A medical advisory board was formed by invitation. We hired one part time staff. We developed a confidential database for diagnosed members and their physicians.
CAP, Inc Closes Their Door in 2011
In 2008 because the term “foundation” in Canada had changed over the years to now mean a money holding organization we changed the organization’s name to the Canadian Association for Porphyria, (CAP). The name of our organization changed but we continued to give quality education and awareness services and caring support.
On September 16, 2011, due to lack of funding, we surrendered our charity status and dissolved the organization.

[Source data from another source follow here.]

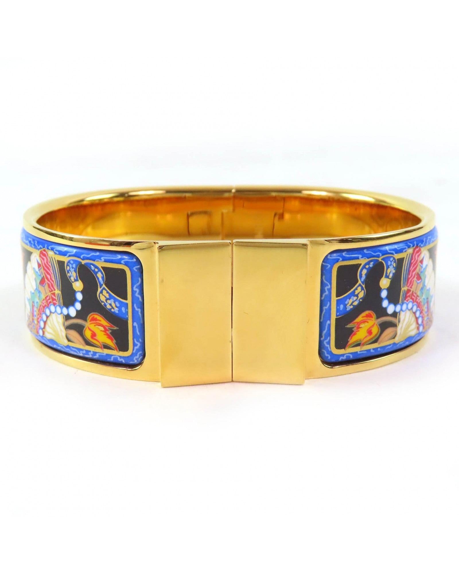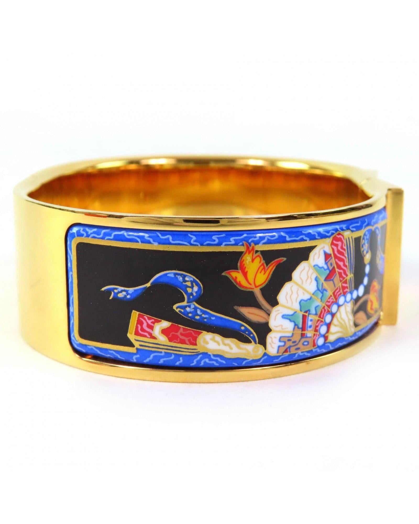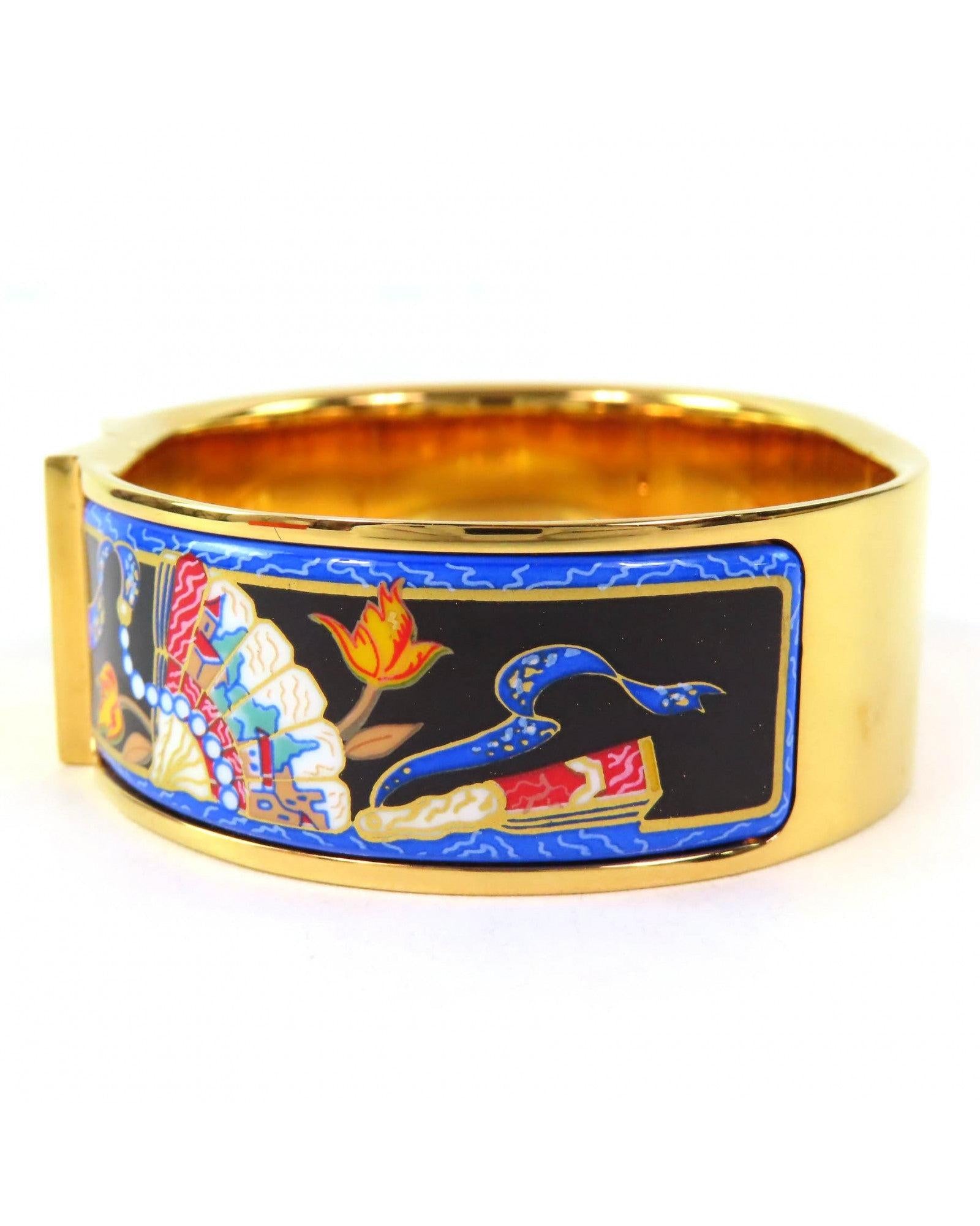 Pre-owned Enamel Bangle Bracelet Featuring Artistic Floral and Figure Design a Unique Accessory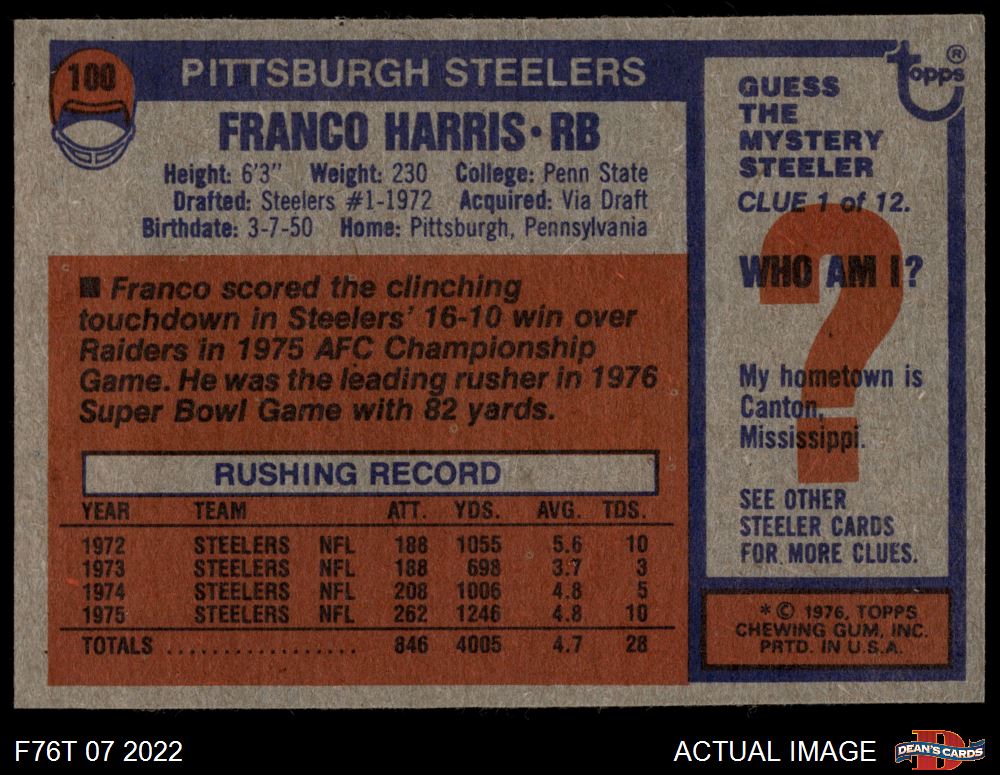 1976 Topps #100 Franco Harris 4 - VG/EX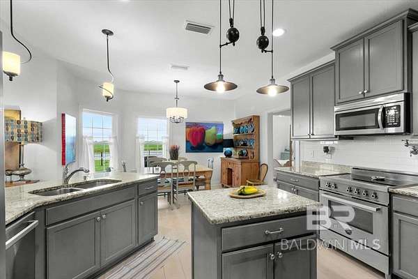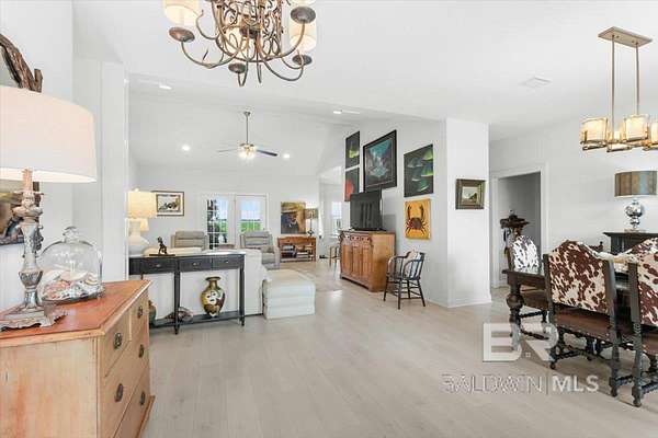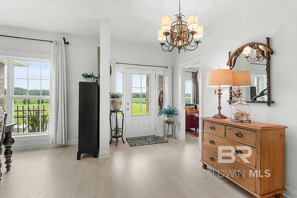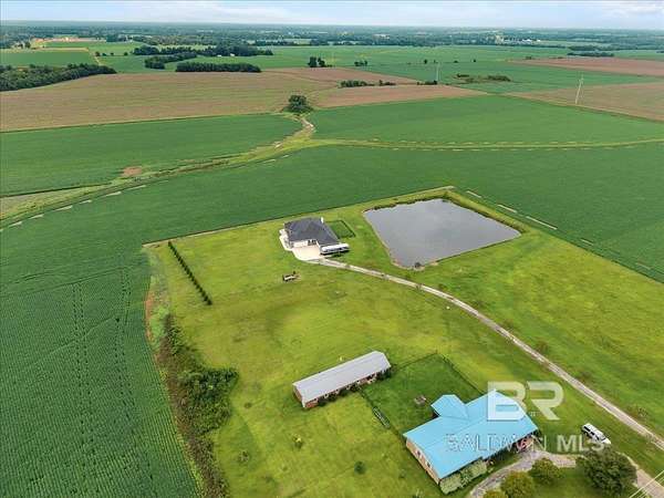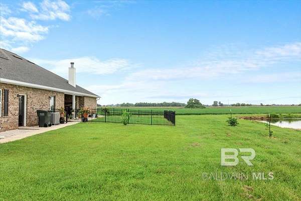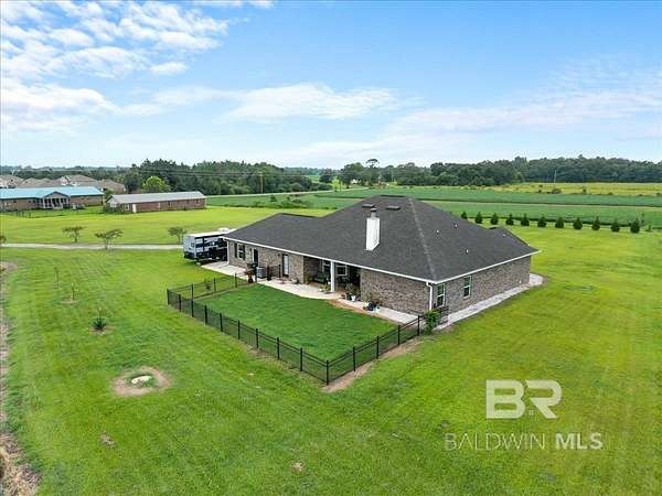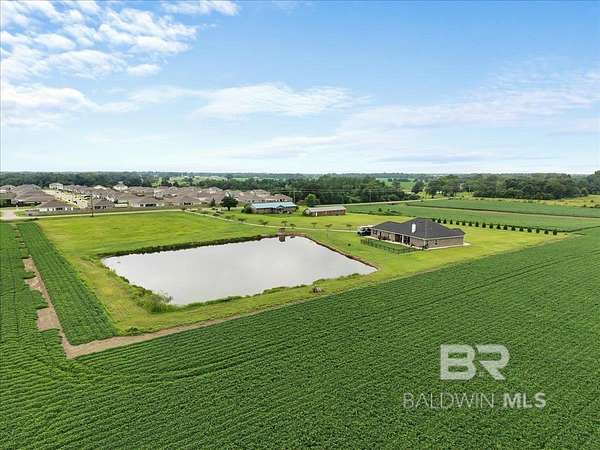 Oasis Privacy in a Busy World. Gold Fortified gem tucked away in rural Foley! Boasting 4 spacious bedrooms and ~3 acres, this beautiful property feels like your peaceful refuge from the world. Meander down the long drive, away from traffic to views of your large pond. The Bass and Bream stocked pond enjoys a breeze all the time and provides a peaceful retreat after a long day. The home boasts two Double Garages, ensuring abundant parking and storage space! Step inside to the Dining Room on your right, and a front Guest Bedroom/optional Family Room/Office on your left. The main living spaces and bedrooms all enjoy unobstructed natural views and sunlight, adding to the tranquil atmosphere. This gorgeous Kitchen features cool tones, Bertazzoni appliances and custom cabinetry, pot filler, granite counters, breakfast bar, and center island. The open floor plan combined with the soaring ceilings give the Great Room an even more expansive feel. Not to be forgotten is the Primary Suite, complete with trey ceiling, double vanities, walk around closet behind relaxing garden tub + separate shower, TWO large walk-in closets, and private water closet. The home is also equipped with a Whole house water treatment sling with a well filter. Take in the views from your covered back patio, comfortably equipped with ceiling fans and fireplace! Living here puts you minutes from Foley schools, just half an hour from the Gulf, and within easy reach of the shopping and entertainment along Hwy 59! Schedule your showing today! Buyer to verify all information during due diligence.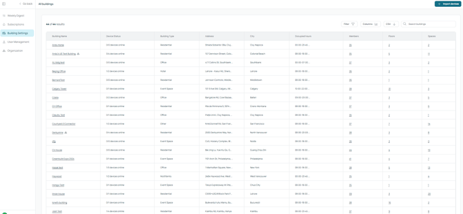 Use this page when you need to update building details, manage floors, spaces, or bulk uploading devices.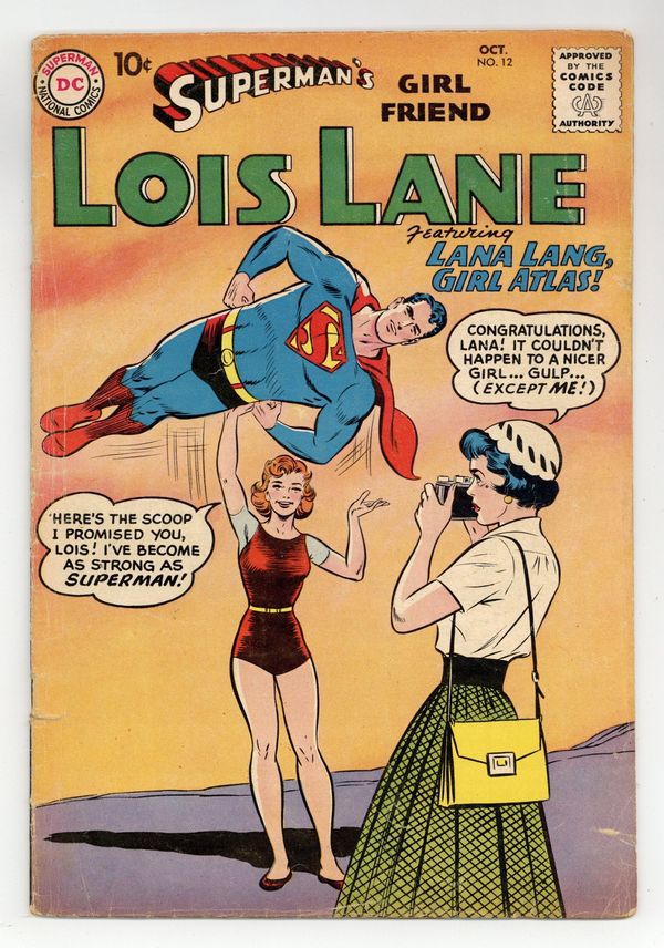 Cover pencils by Curt Swan, inks by Stan Kaye. The Mermaid from Metropolis!, script by Robert Bernstein, art by Kurt Schaffenberger; Lois Lane is rescued by Aquaman, but her injuries require emergency surgery that turns her into a mermaid. The Girl Atlas!, script by Robert Bernstein, art by Kurt Schaffenberger; Professor Morris' serum gives Lana Lang super-strength. Lois Lane Loves Clark Kent!, pencils by Al Plastino; After Lois decides Clark is Superman she tries to trick him into marrying her. 36 Pages, Full Color. Cover price $0.10.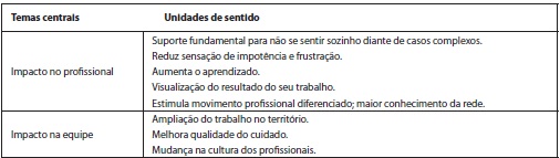 Como evidenciam as falas a seguir, as experiências de apoio matricial desses profissionais trouxeram impactos positivos na equipe, fortalecendo a perspectiva psicossocial no atendimento do paciente e impondo o questionamento da permanência de práticas asilares e centradas no serviço.
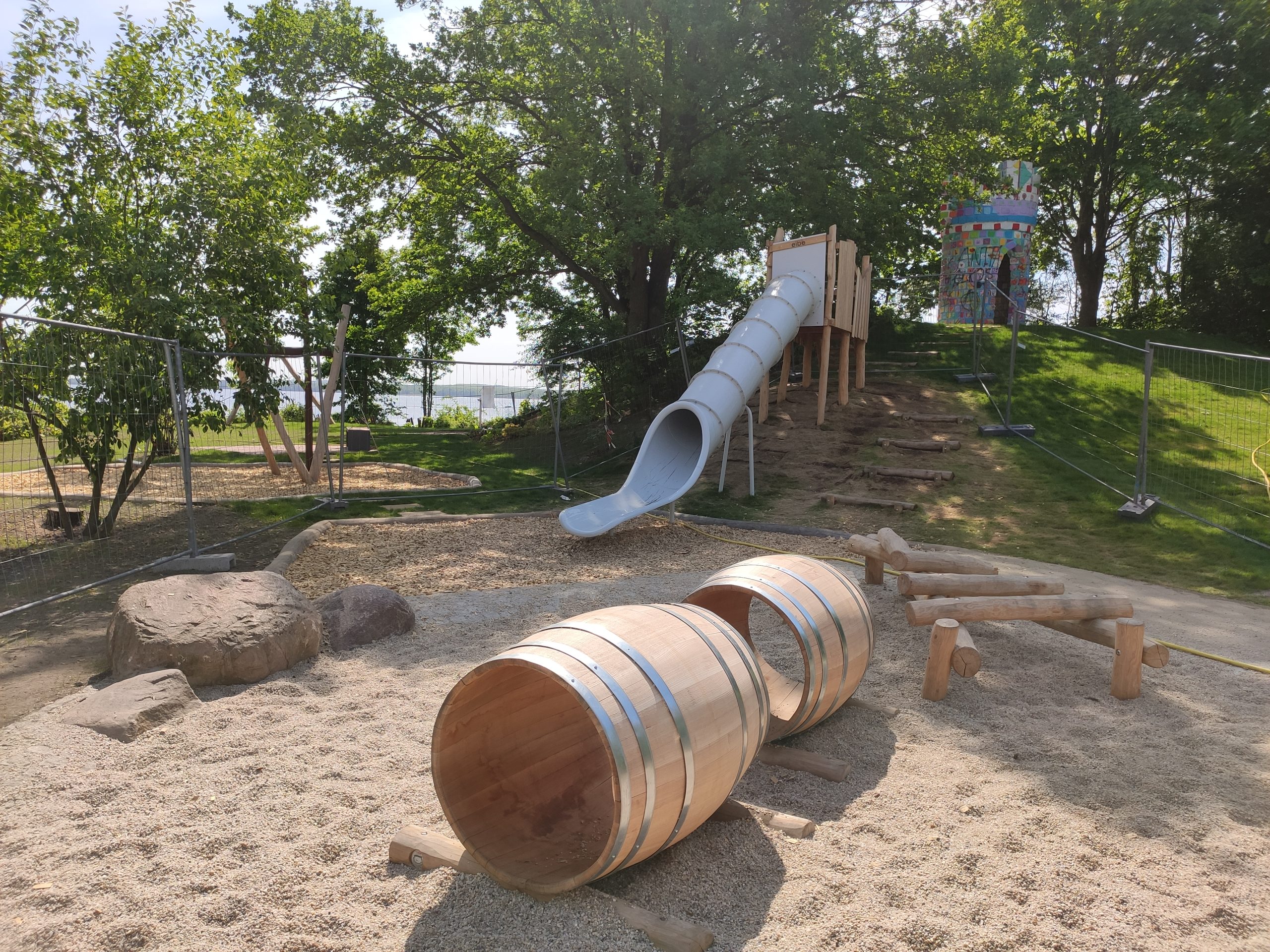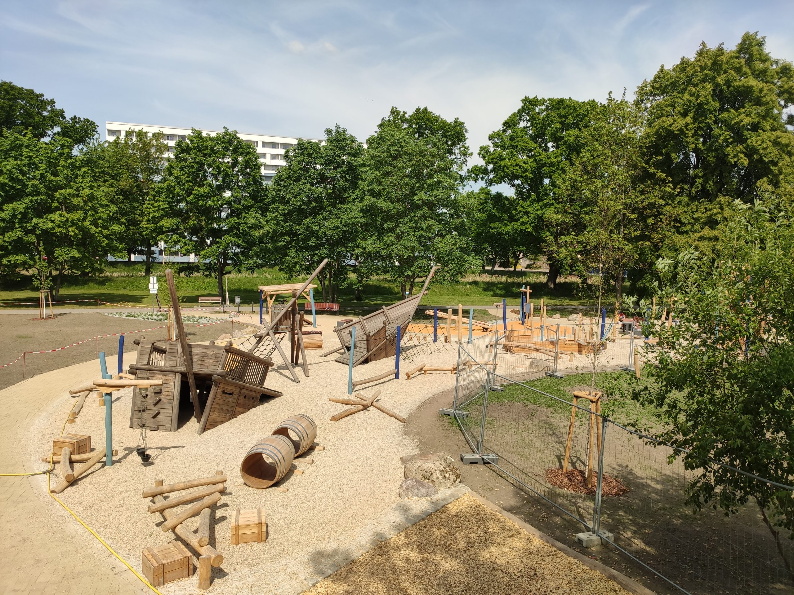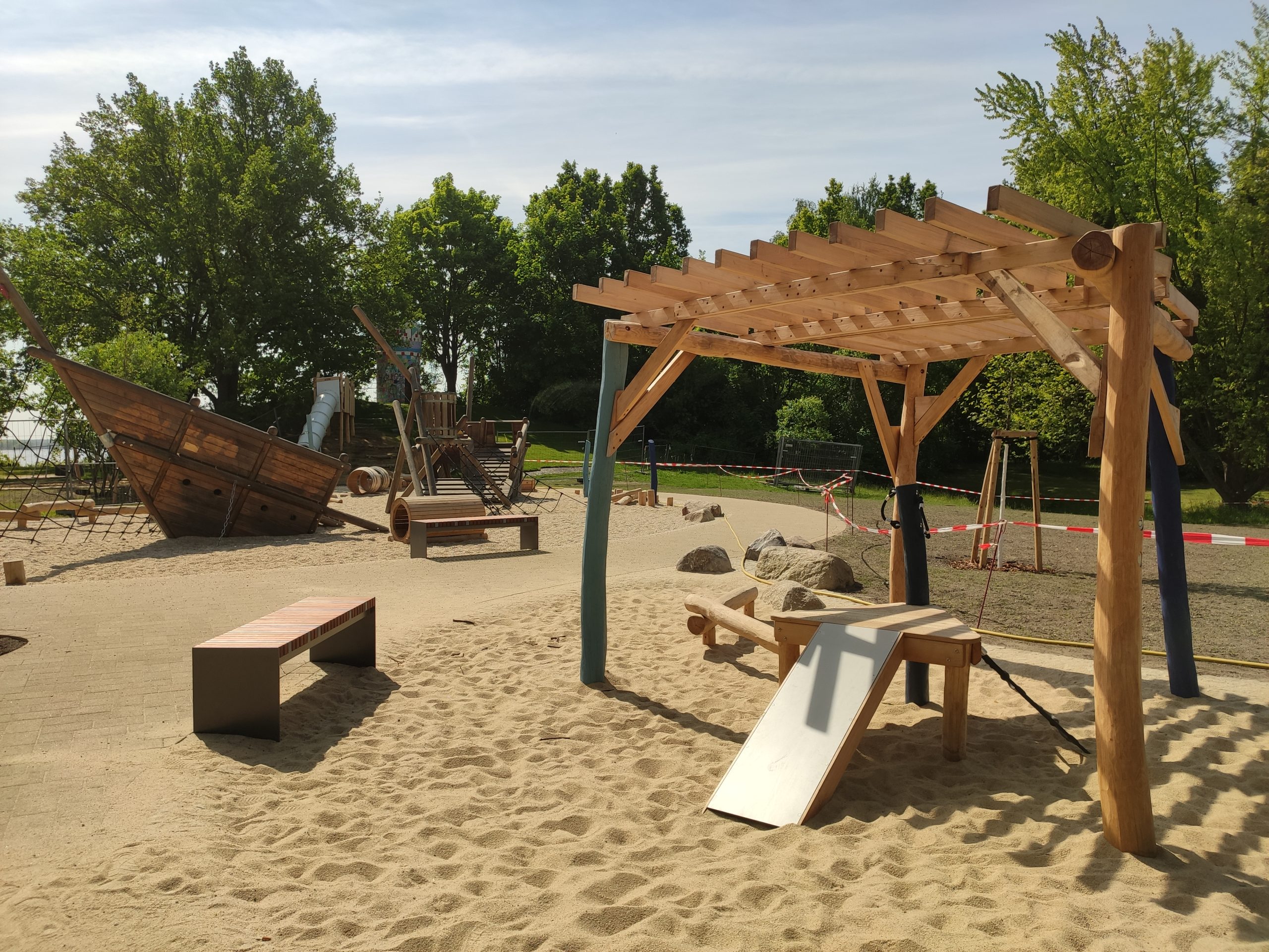 Es gibt eine Rutsche, eine Zipline, ganz viele Kletter- und Balanciermöglichkeiten, Fässer, ein integratives Beiboot, eine integrative Wippe und ein weiteres großes Bott zum Erklimmen. Zusätzlich gibt es einen Kleinkind Bereich mit Sandkästen, Rutsche. Es gibt auch viele Möglichkeiten den Sand oder die Steine zu befördern und zu bewegen.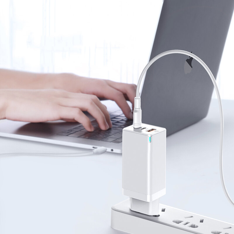 • Baseus GaN 65 Вт QC4.0 PD3.0 Тройной выход 2 * Type-C 1 * Мини-зарядное устройство USB * Универсальное зарядное устройство ЕС США Plug для Samsung S10 Matebook для iPhone 11 Pro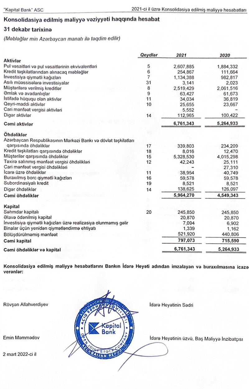 “Kapital Bank” ASC 31 dekabr 2021-ci il tarixində başa çatan il üzrə müstəqil auditorun hesabatı ilə birlikdə konsolidasiya edilmiş maliyyə hesabatlarını dərc edib.

The closing of CAP was not a shock to us, we saw it coming; we prepared for it. I encouraged everyone to realize that it was a good thing we were closing because in Neepawa we were located too far away from sources that could help, e.g. universities, medical faculties, medical professionals or medical students. At the end of December, 2011, I closed CAP’S door with the best positive feeling I could, believing that, “sometimes a door has to close in order to let another door open”.
The Canadian Association for Porphyria/Association Canadienne de Porphyrie (CAP/ACP) Begins Again
Wendy Sauvé from Edmonton, AB became involved with our organization and started the preliminary work of forming a porphyria group in Edmonton. Her hope was to develop an organization in her area. By the time CAP was closing in 2011 Wendy had a group organized in Edmonton and her dream was to take over CAP.
In 2014, CAP/ACP became a national registered charity once again.